> [Task objective]: Could you repeat all of the entries exactly, leaving out any pictures?

◇ ◇ ◇

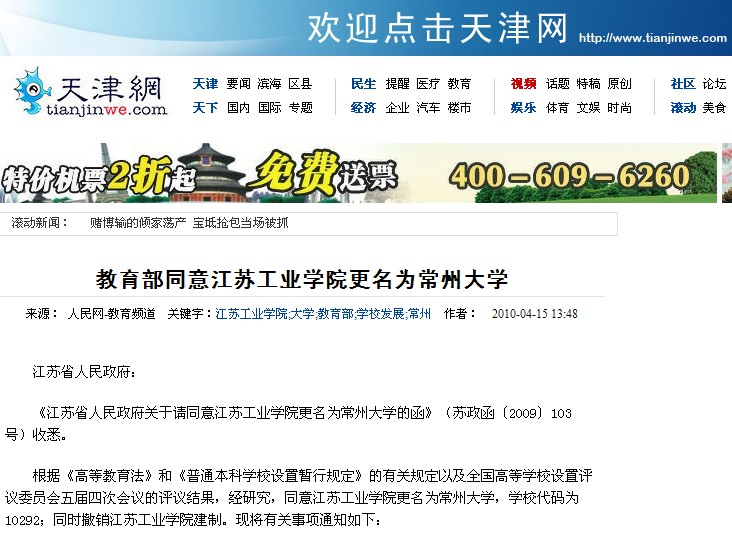 天津网报道我校更名新闻 教育部同意江苏工业学院更名为常州大学
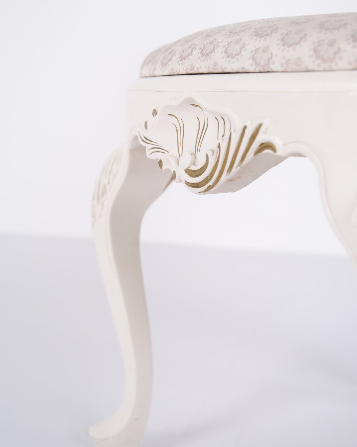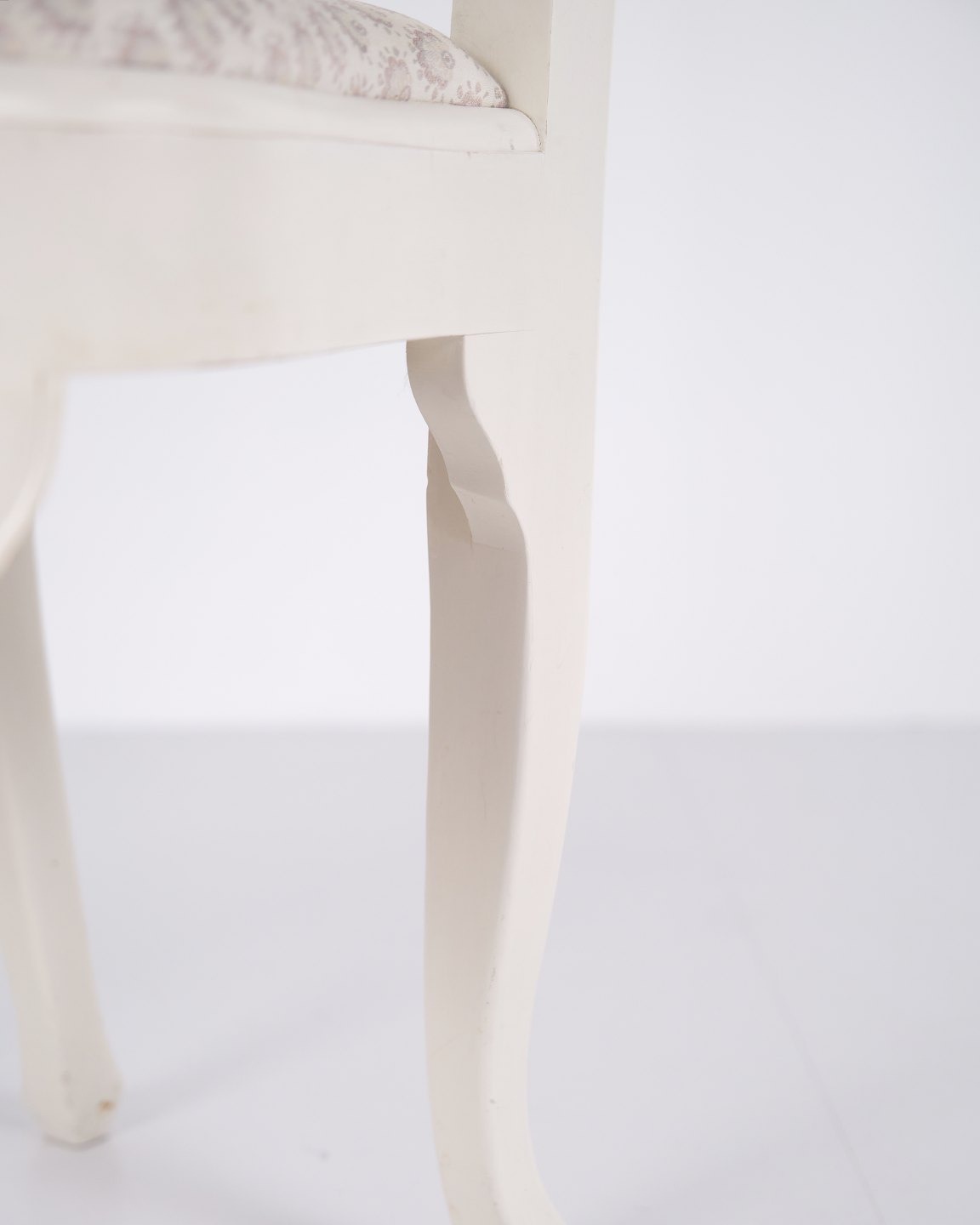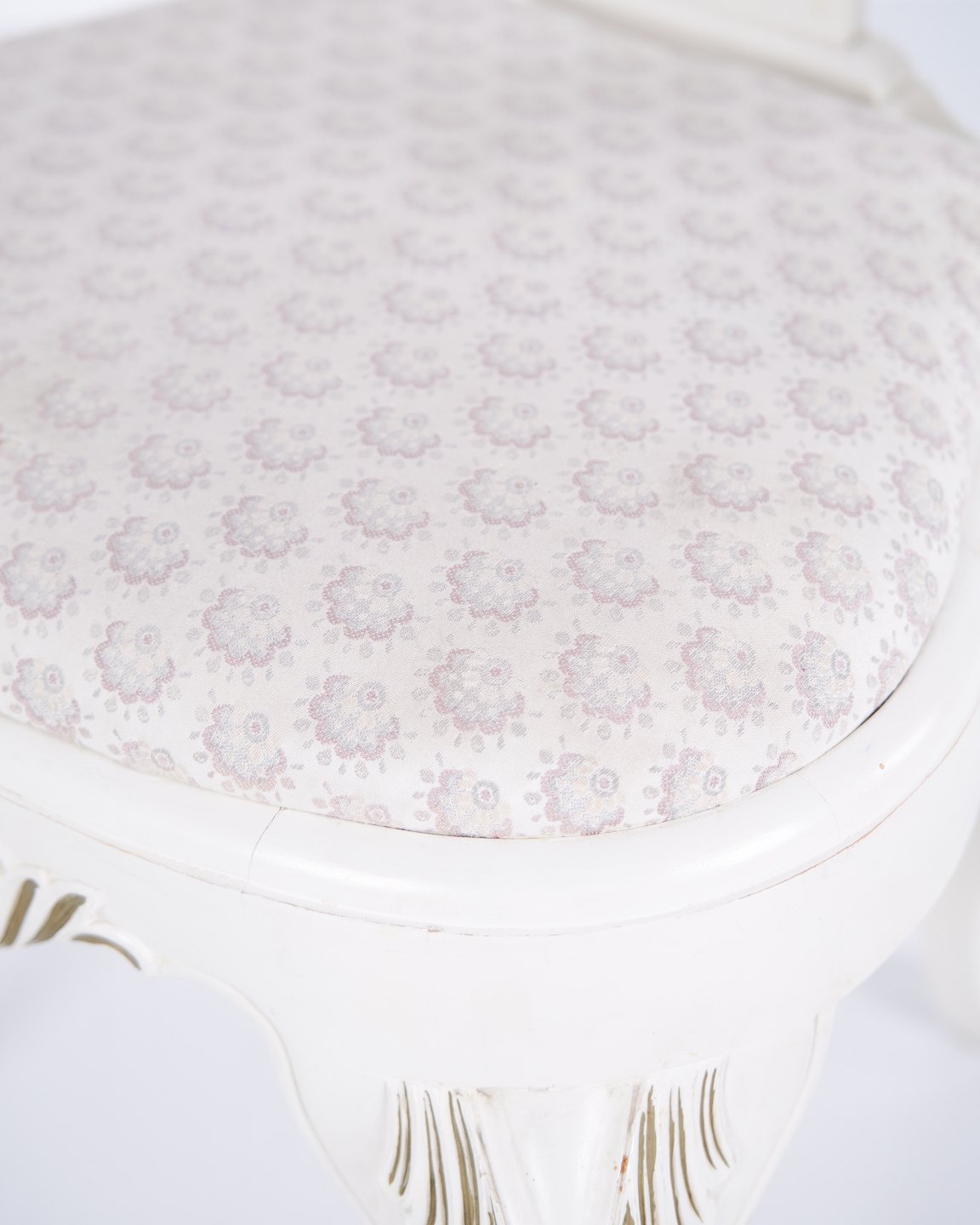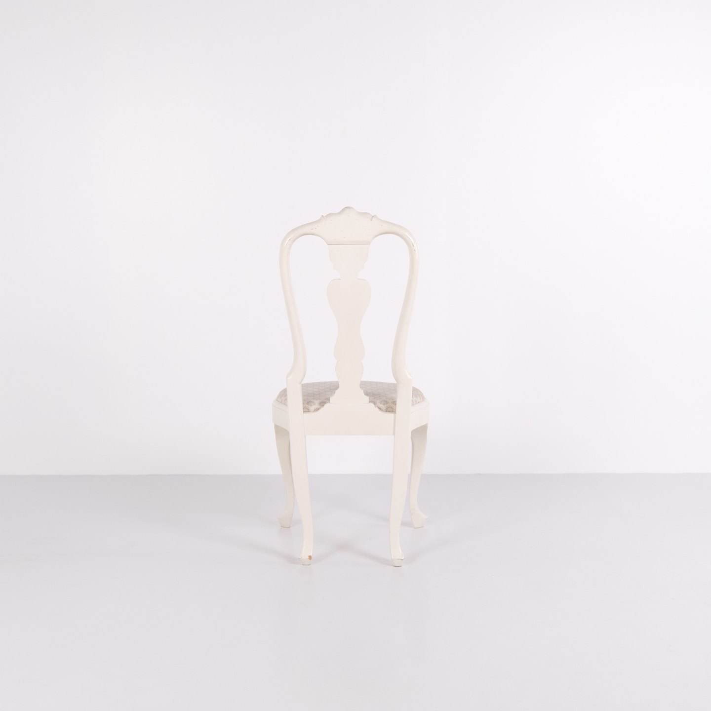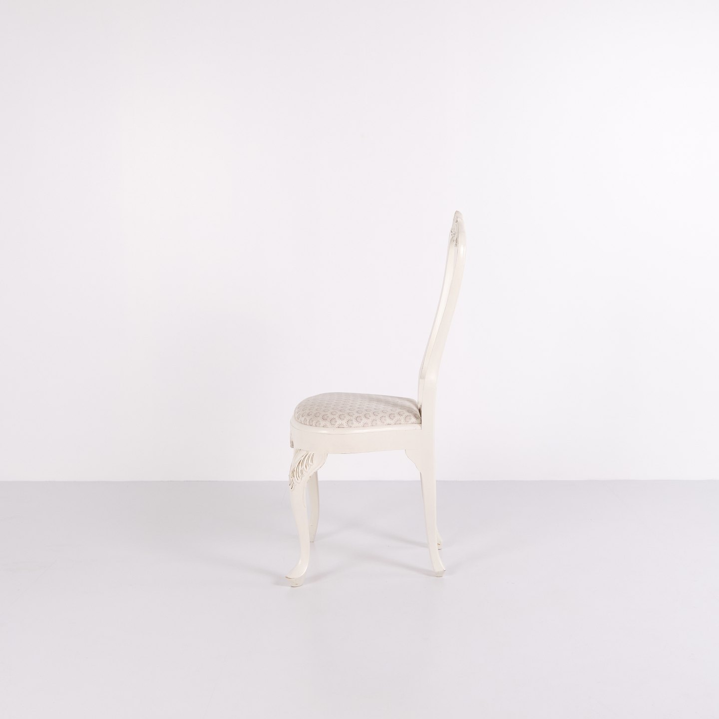 Antique dining chairs in neo rococo style from the 1920s. Set of 6 white painted chairs with decorative details.
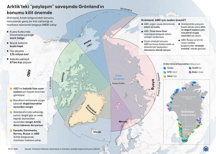 Arktik bölgesinde yer alan Grönland, geniş kıta sahanlığı ve münhasır ekonomik bölgesiyle dikkat çekiyor. Nadir toprak elementleri açısından zengin olan ada, ileri teknoloji, savunma sanayi ve enerji sektörleri için kritik öneme sahip. Ayrıca Kuzey Kutbu’nda buzulların erimesiyle yeni deniz ticaret yollarının açılması bekleniyor. ABD’nin adada Pituffik Uzay Üssü bulunmasına rağmen, Trump yönetimi tüm ada üzerinde kontrol hedefini dile getiriyor.
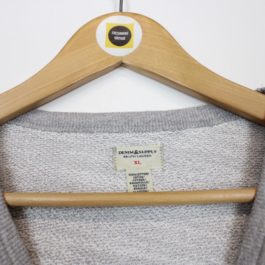 Vintage 00's Denim & Supply Ralph Lauren Grey Crew Neck Sweatshirt Jumper Size on label: XL Our recommended size: XL Pit to pit (inches): 24.5 Length (inches): 28 All products listed are vintage unless stated otherwise in the description. These items are pre-loved and pre-worn, resulting in small signs of wear and fading. We think this adds to their unique authenticity, but if an item has any major flaws these will be stated. - The sweatshirt does have a prominent mark to the back, this is reflected in the price Please contact us if you have any further questions!
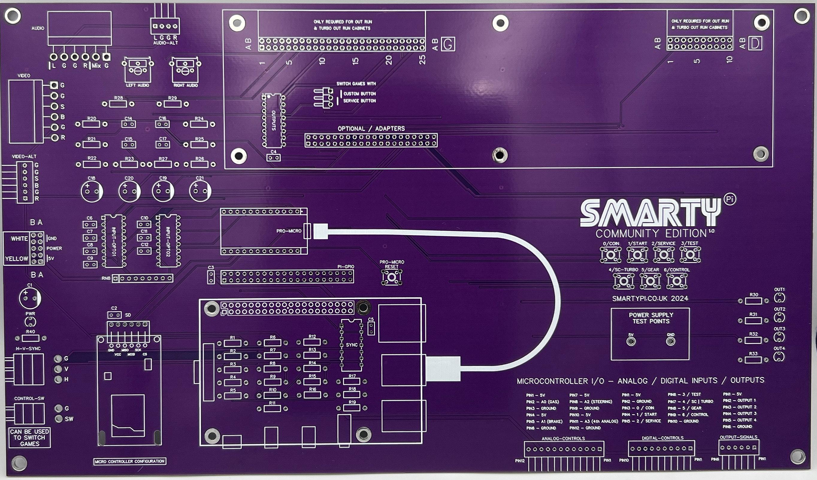SmartyPi CE has been redesigned to be assembled with through-hole components, making it ideal for small-scale builds by arcade hobbyists. A software pack will provides all the functionality of the SE software which has been in production since 2021, but you now have the freedom to modify any aspect of the software or hardware as you see fit.
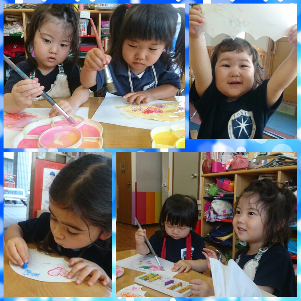 絵の具を見せるとみんな手をお膝の上に置き、楽しんで塗っていました♪
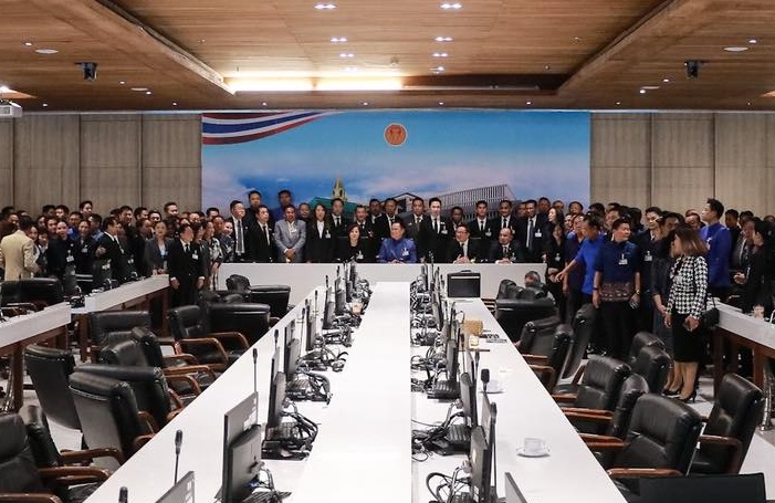บรรยากาศการประชุมในห้อง CB 406 เป็นไปอย่างพร้อมเพรียง เมื่อ ส.ส.จากพรรคภูมิใจไทย, พรรคเพื่อไทย, พรรคพลังประชารัฐ, พรรคประชาชาติ, พรรคเศรษฐกิจ, พรรคเพื่อชาติไทย, พรรครวมไทยสร้างชาติ, พรรคไทยสร้างไทย, พรรคใหม่, พรรครวมใจไทย, พรรคไทยทรัพย์ทวี, พรรครวมพลังประชาชน, พรรคมิติใหม่, พรรคประชาธิปไตยใหม่, พรรคทางเลือกใหม่ และพรรคโอกาสใหม่ รวม 292 เสียง ร่วมหารือก่อนการประชุมสภาผู้แทนราษฎรเพื่อลงมติเลือกนายกรัฐมนตรีตามมาตรา 159 ของรัฐธรรมนูญ
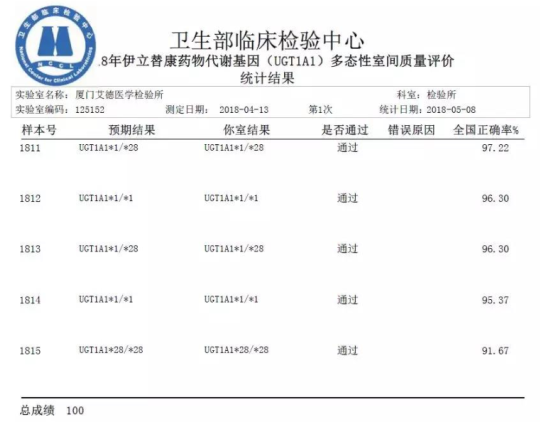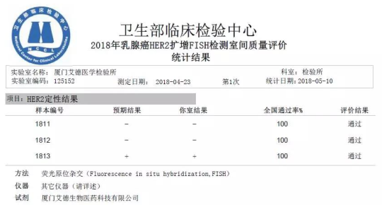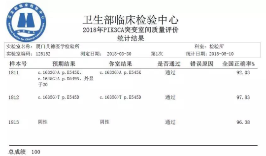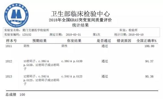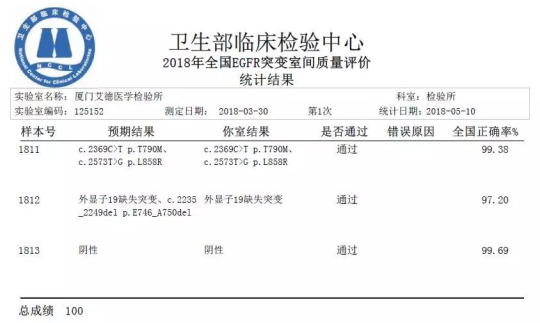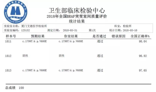 2018年5月,廈門艾德醫(yī)學(xué)檢驗所再次以7個項目全滿分通過了由衛(wèi)生部臨床檢驗中心(NCCL)組織的2018年上半年(第一輪)全國臨床檢驗實驗室質(zhì)量評價,彰顯艾德生物恪守規(guī)范、精益求精的品質(zhì)追求!自成立以來,艾德醫(yī)學(xué)檢驗所連續(xù)多年積極參加國內(nèi)外各權(quán)威機構(gòu)組織的各項室間質(zhì)評及能力驗證項目,以滿分的佳績證明其在腫瘤分子診斷上的硬實力!
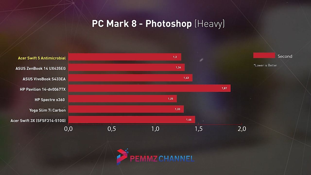 Kami cuma bisa bilang “GILA!!!”, Karena performa CPU pada notebook ini mampu mengalahkan semua render time Core i7-1165G7 yang pernah kami uji di pengujian PCMark 8 Adobe Photoshop Heavy dan Adobe After Effects CC.

◇ ◇ ◇

> [Answer box]:
 天津网报道我校更名新闻 教育部同意江苏工业学院更名为常州大学
 Antique dining chairs in neo rococo style from the 1920s. Set of 6 white painted chairs with decorative details.
 Arktik bölgesinde yer alan Grönland, geniş kıta sahanlığı ve münhasır ekonomik bölgesiyle dikkat çekiyor. Nadir toprak elementleri açısından zengin olan ada, ileri teknoloji, savunma sanayi ve enerji sektörleri için kritik öneme sahip. Ayrıca Kuzey Kutbu’nda buzulların erimesiyle yeni deniz ticaret yollarının açılması bekleniyor. ABD’nin adada Pituffik Uzay Üssü bulunmasına rağmen, Trump yönetimi tüm ada üzerinde kontrol hedefini dile getiriyor.
 Vintage 00's Denim & Supply Ralph Lauren Grey Crew Neck Sweatshirt Jumper Size on label: XL Our recommended size: XL Pit to pit (inches): 24.5 Length (inches): 28 All products listed are vintage unless stated otherwise in the description. These items are pre-loved and pre-worn, resulting in small signs of wear and fading. We think this adds to their unique authenticity, but if an item has any major flaws these will be stated. - The sweatshirt does have a prominent mark to the back, this is reflected in the price Please contact us if you have any further questions!
SmartyPi CE has been redesigned to be assembled with through-hole components, making it ideal for small-scale builds by arcade hobbyists. A software pack will provides all the functionality of the SE software which has been in production since 2021, but you now have the freedom to modify any aspect of the software or hardware as you see fit.
 絵の具を見せるとみんな手をお膝の上に置き、楽しんで塗っていました♪
บรรยากาศการประชุมในห้อง CB 406 เป็นไปอย่างพร้อมเพรียง เมื่อ ส.ส.จากพรรคภูมิใจไทย, พรรคเพื่อไทย, พรรคพลังประชารัฐ, พรรคประชาชาติ, พรรคเศรษฐกิจ, พรรคเพื่อชาติไทย, พรรครวมไทยสร้างชาติ, พรรคไทยสร้างไทย, พรรคใหม่, พรรครวมใจไทย, พรรคไทยทรัพย์ทวี, พรรครวมพลังประชาชน, พรรคมิติใหม่, พรรคประชาธิปไตยใหม่, พรรคทางเลือกใหม่ และพรรคโอกาสใหม่ รวม 292 เสียง ร่วมหารือก่อนการประชุมสภาผู้แทนราษฎรเพื่อลงมติเลือกนายกรัฐมนตรีตามมาตรา 159 ของรัฐธรรมนูญ
 2018年5月,廈門艾德醫(yī)學(xué)檢驗所再次以7個項目全滿分通過了由衛(wèi)生部臨床檢驗中心(NCCL)組織的2018年上半年(第一輪)全國臨床檢驗實驗室質(zhì)量評價,彰顯艾德生物恪守規(guī)范、精益求精的品質(zhì)追求!自成立以來,艾德醫(yī)學(xué)檢驗所連續(xù)多年積極參加國內(nèi)外各權(quán)威機構(gòu)組織的各項室間質(zhì)評及能力驗證項目,以滿分的佳績證明其在腫瘤分子診斷上的硬實力!
 Kami cuma bisa bilang “GILA!!!”, Karena performa CPU pada notebook ini mampu mengalahkan semua render time Core i7-1165G7 yang pernah kami uji di pengujian PCMark 8 Adobe Photoshop Heavy dan Adobe After Effects CC.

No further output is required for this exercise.